1.2.2. François Coppée, vers une esthétique subjective et familière

1.2.2.2. Procédés syntaxiques

Pour illustrer clairement la subjectivité syntaxique de Coppée et justifier ses choix grammaticaux, il faut travailler sur les deux plans énonciatifs, « discours » et « récit », tels qu’ils sont présentés par E. Benveniste dans Problèmes de linguistique générale1. Comme on le sait, chaque plan énonciatif se distingue nettement de l’autre notamment grâce au degré de subjectivité.

1.2.2.2.1. Le poème - « discours »

La forme discursive du poème se trouve généralement dans les ouvrages parlant de la vie intime du poète, et particulièrement dans Promenades et Intérieurs. Le système des pronoms personnels y construit d’emblée un couple, jamais énigmatique, formé du poète et du lecteur auquel il s’adresse pour lui confier des souvenirs et des observations personnelles, ce qui ancre une grande part de cette poésie dans un réalisme lyrique :

Lecteur mélancolique et doux, à toi ces vers ! Ce sont des souvenirs, des éclairs, des boutades, Trouvés au coin de l’âtre ou dans mes promenades, Que je te veux conter, par le droit bien permis Qu’ont de causer entre eux deux paisibles amis.2

En revenant à notre corpus, nous constatons que le poème III répond parfaitement à ces critères et relève ouvertement de cette catégorie.
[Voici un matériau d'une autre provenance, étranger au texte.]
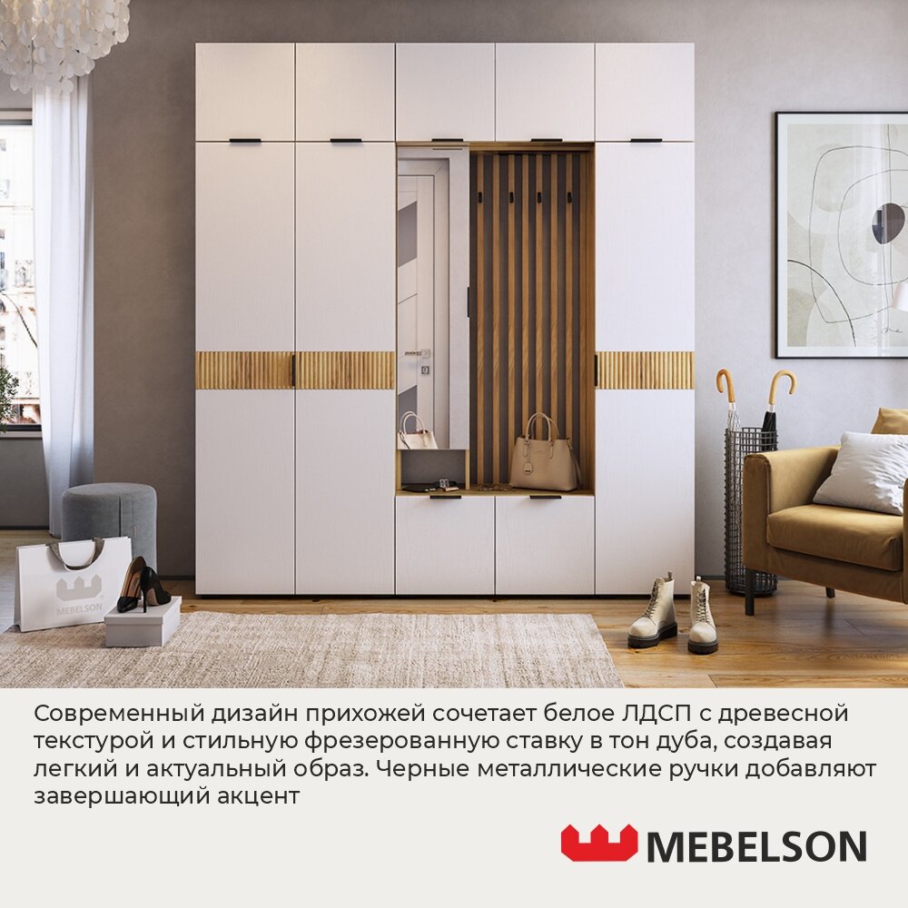 10 цен на Узкая модульная прихожая "Бери", дуб крафт золотой/белое дерево, 80х35х182,6 см, Mebelson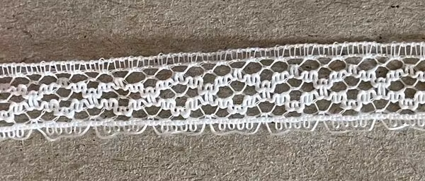 Skir vit spets. Ca 1 meter lång och 15 mm bred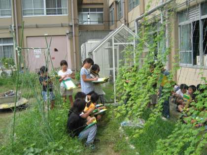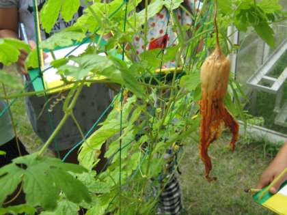 ツルレイシの観察をしました。夏休みの間に実をつけたツルレイシに変化がありました。実の色が緑色から黄色に変化していました。落ちている種も見つけました。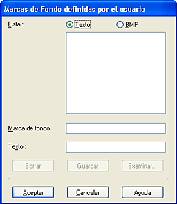 Puede añadir a la lista Marca de fondo sus propias marcas de fondo basadas en texto o en imagen.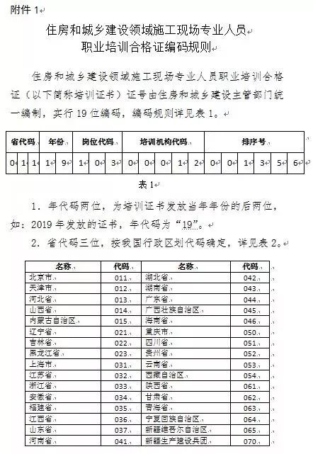 1.住房和城乡建设领域施工现场专业人员职业培训合格证编码规则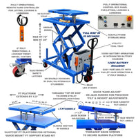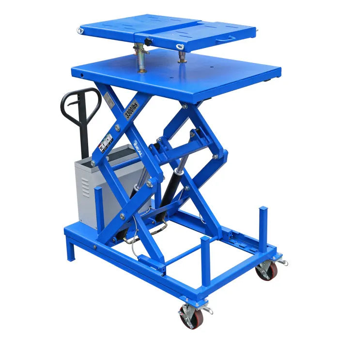 The iDEAL LT-PT2500AH-X is a 3,300 lbs. portable, high-rise commercial and industrial grade 12VDC battery powered electric-hydraulic lift table, incorporating a multi-adjustable powertrain platform primarily designed to assist with controlled lifting and lowering tasks to safely remove, replace or service heavy vehicle powertrain components such as engines, transmissions, drive-axle and transaxle assemblies, or other similar heavy components.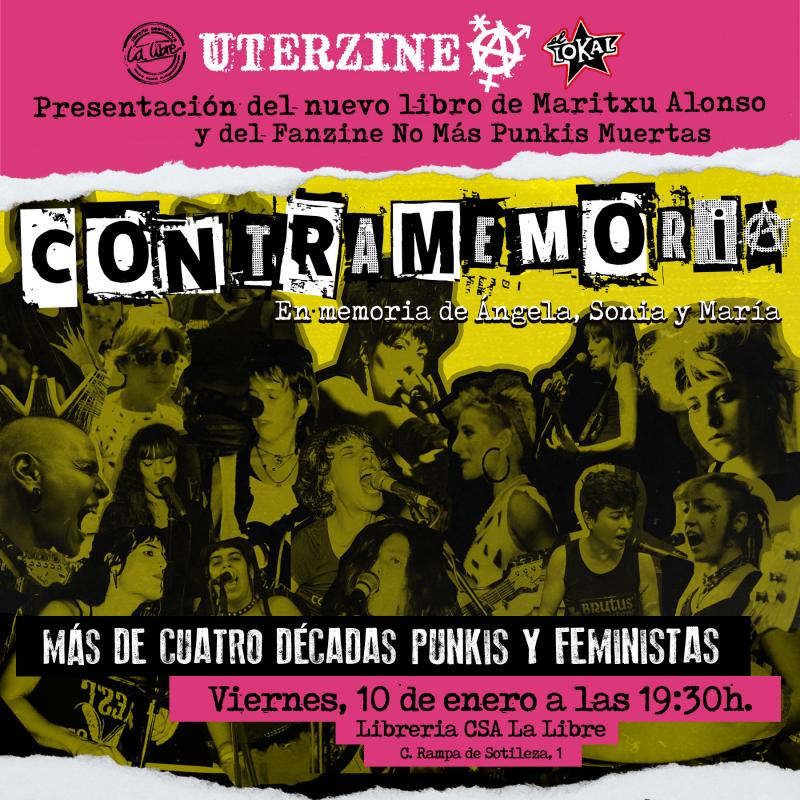 El viernes 10 de enero a partir de las 19:30h, Maritxu Alonso estará en La Libre presentando su último libro “Contramemoria. Más de cuatro décadas punkis y feministas”. Junto a él se presentará el fanzine realizado en el Rock Beer The New el 7 de diciembre de 2023, durante la jornada “No más punkis muertas”. Todo en Memoria de Ángela, Sonia y María.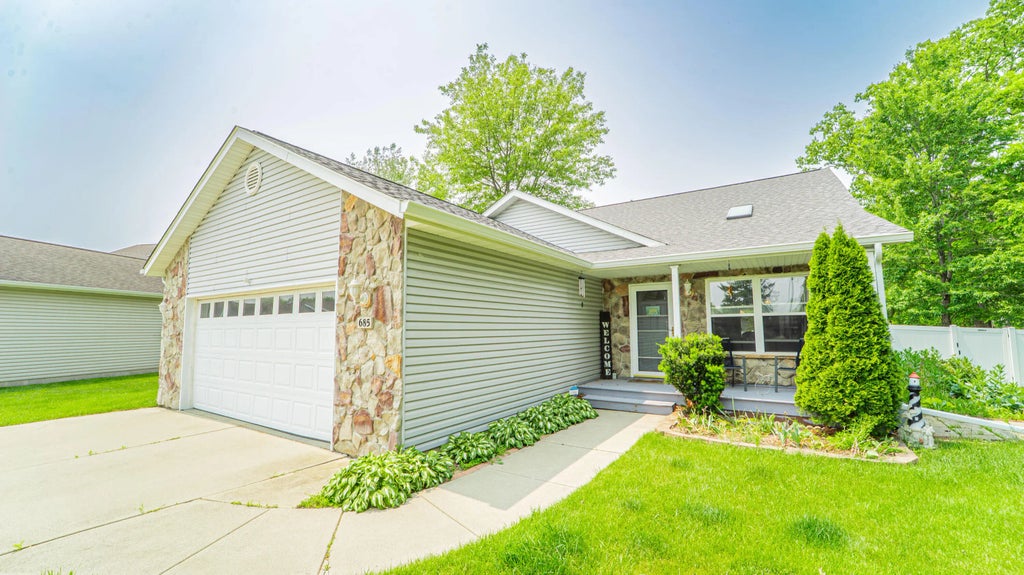 Welcome to this beautifully maintained 3-bedroom, 3-bath home nestled on a quiet cul-de-sac! Bright, open, and move-in ready, the spacious living room greets you with soaring cathedral ceilings, gleaming hardwood floors, and a cozy fireplace--perfect for relaxing evenings. The updated eat-in kitchen opens to a 20x16 deck, ideal for enjoying any time of day with scenic backyard views. The main floor primary suite offers comfort and convenience with a large full bath and an oversized walk-in closet. Hobbyists and DIYers will love the heated garage, complete with hot and cold water lines. Located just minutes from shopping, parks, baseball fields, and major expressways, this home blends comfort and convenience in a sought-after location. Don't miss your chance--schedule your private tour today!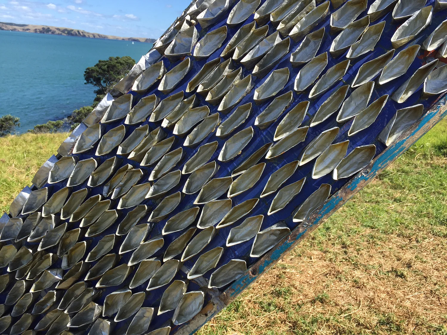 This very moving and powerful work is the culmination of a partnership between Tiffany Singh and the Auckland Resettled Community Coalition. She has used four abandoned boats from Waiheke Island and repurposed them as sound shells for refugee stories. Materials include emergency blankets, saris, clay and wood. The sound composition is by Steven Hue.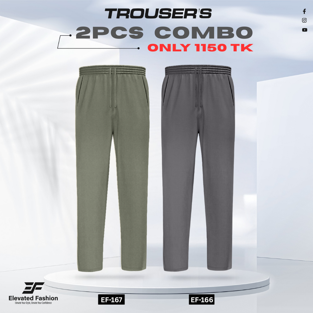 Premium Cotton Trouser- Combo of 2 – (Olive Green & Dark Gray) – EF166/167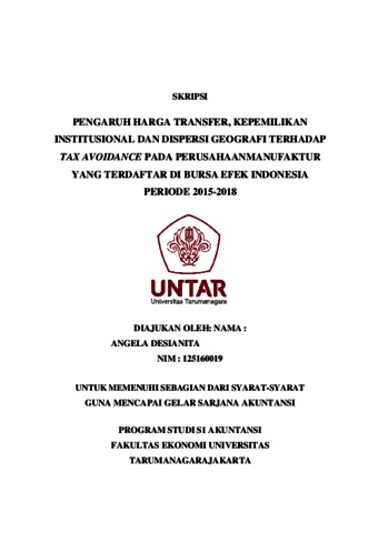 Desianita, Angela (2020) PENGARUH HARGA TRANSFER, KEPEMILIKAN INSTITUSIONAL DAN DISPERSI GEOGRAFI TERHADAP TAX AVOIDANCE PADA PERUSAHAAN MANUFAKTUR YANG TERDAFTAR DI BURSA EFEK INDONESIA PERIODE 2015-2018. Skripsi thesis, UNIVERSITAS TARUMANAGARA.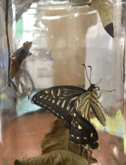 昨日の夕方に見たときはまださなぎのままだったのが、今朝、立派なアゲハチョウになっていました。上に写っている白くなったさなぎからチョウになったようです。
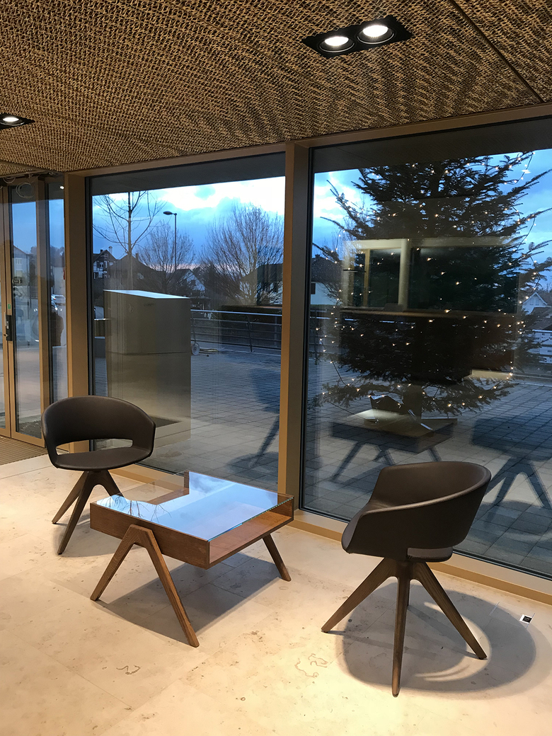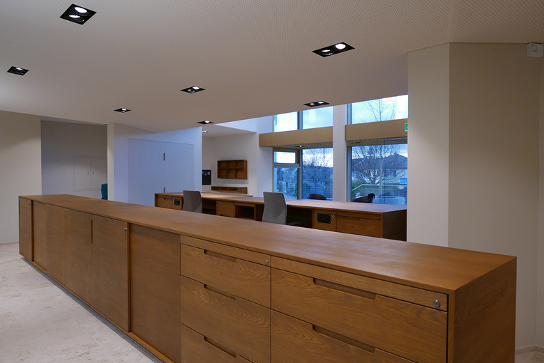 Das heutige Raumgefüge wurde in einen grosszügigen, kontinuierlichen Raum transformiert, welcher die gesamte Gebäudetiefe einnimmt. Unterschiedliche Höhen zonieren den Raum. Das hohe und luftige Foyer wird dabei von niedrigeren, intimeren Zonen für das Warten und für den Bereich an der Theke flankiert. Die grosszügigen Blickbezüge zum Vorplatz und zu der südseitigen Obstwiese schaffen einen Bezug zum Ort und eine Identität zur Gemeinde Rorschacherberg. Neue Materialien wie Rorschacher Sandstein für die Böden, einheimische Hölzer für Theke und Türen sowie goldfarbene Elemente für Verglasung und Deckenelemente sorgen zusammen mit der Raumgeometrie für eine zeitgemässe Erscheinung und eine angenehme Raumstimmung. Auch die Akustik profitiert von dieser neuen Form, was für das einwandfreie Funktionieren des Front-Office entscheidend ist. Von Aussen ist die neue, attraktive Anlaufstelle der Gemeindeverwaltung deutlich erkennbar. Die neue Verglasung wirkt einladend, offen und transparent. Genau so, wie man sich heute einezeitgemässe Gemeindeverwaltung vorstellt.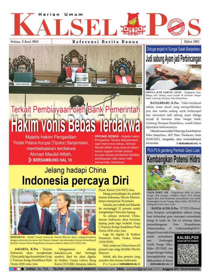 Hakim vonis Bebas Terdakwa, Terkait Pembiayaan oleh Bank Pemerintah Zainal2 Juni 202516 Juni 2025514 views Hakim vonis Bebas Terdakwa, Terkait Pembiayaan oleh Bank Pemerintah Indonesia percaya Diri, Jelang hadapi China Judi sabung Ayam jadi Perbincangan, Diduga terjadi di Sungai Salak Banjarbaru Kembangkan Potensi Hidro, PLN PLN gandeng Pemkab Gayo Lues Download Epaper Disini Bacaan LainnyaTerkait Korupsi Dana Desa Rp657 juta, Eks Kades di Kusan Hilir divonis 3 TahunDireksi baru PAM Bandarmasih terbentuk, Zulbadi dipercaya jadi DirutParkir Pasar Wadai ‘mencekik’, Pengendara Motor ditagih Rp10 Ribu Download Epaper Disini Kalsel Pos Berita Terkini, Kabar Terbaru Hari ini Banjarmasin Kalimantan Selatan dan Nasional Pos terkaitTerkait Korupsi Dana Desa Rp657 juta, Eks Kades di Kusan Hilir divonis 3 TahunDireksi baru PAM Bandarmasih terbentuk, Zulbadi dipercaya jadi DirutParkir Pasar Wadai ‘mencekik’, Pengendara Motor ditagih Rp10 Ribu

L’affirmation « C’est vrai » qui ouvre le poème présuppose en effet l’existence d’un interlocuteur auquel le poète avoue son amour pour Paris. En même temps, cette affirmation inscrit les énoncés dans une sorte de longue réponse à une question qui aurait été antérieurement posée à François Coppée. Si la présente de l’interlocuteur est implicite, celle du poète est explicitement perceptible par l’emploi des embrayeurs de première personne (le pronom personnel « je », qui apparaît trois fois, et le déterminant possessif « ma ») qui ancrent le poème dans le réalisme lyrique. De plus, le pronom indéfini « on » (v. 8), particulièrement plastique, renvoie ici au poète et aux habitants de son quartier, ce qui ajoute une touche de familiarité dans le discours.

1 Émile Benveniste, Problèmes de linguistique générale (1980-1981), Paris, Gallimard, t. II, p. 240. 2 François Coppée, Promenades et Intérieurs, dans Poésie complètes, op. cit., p. 2.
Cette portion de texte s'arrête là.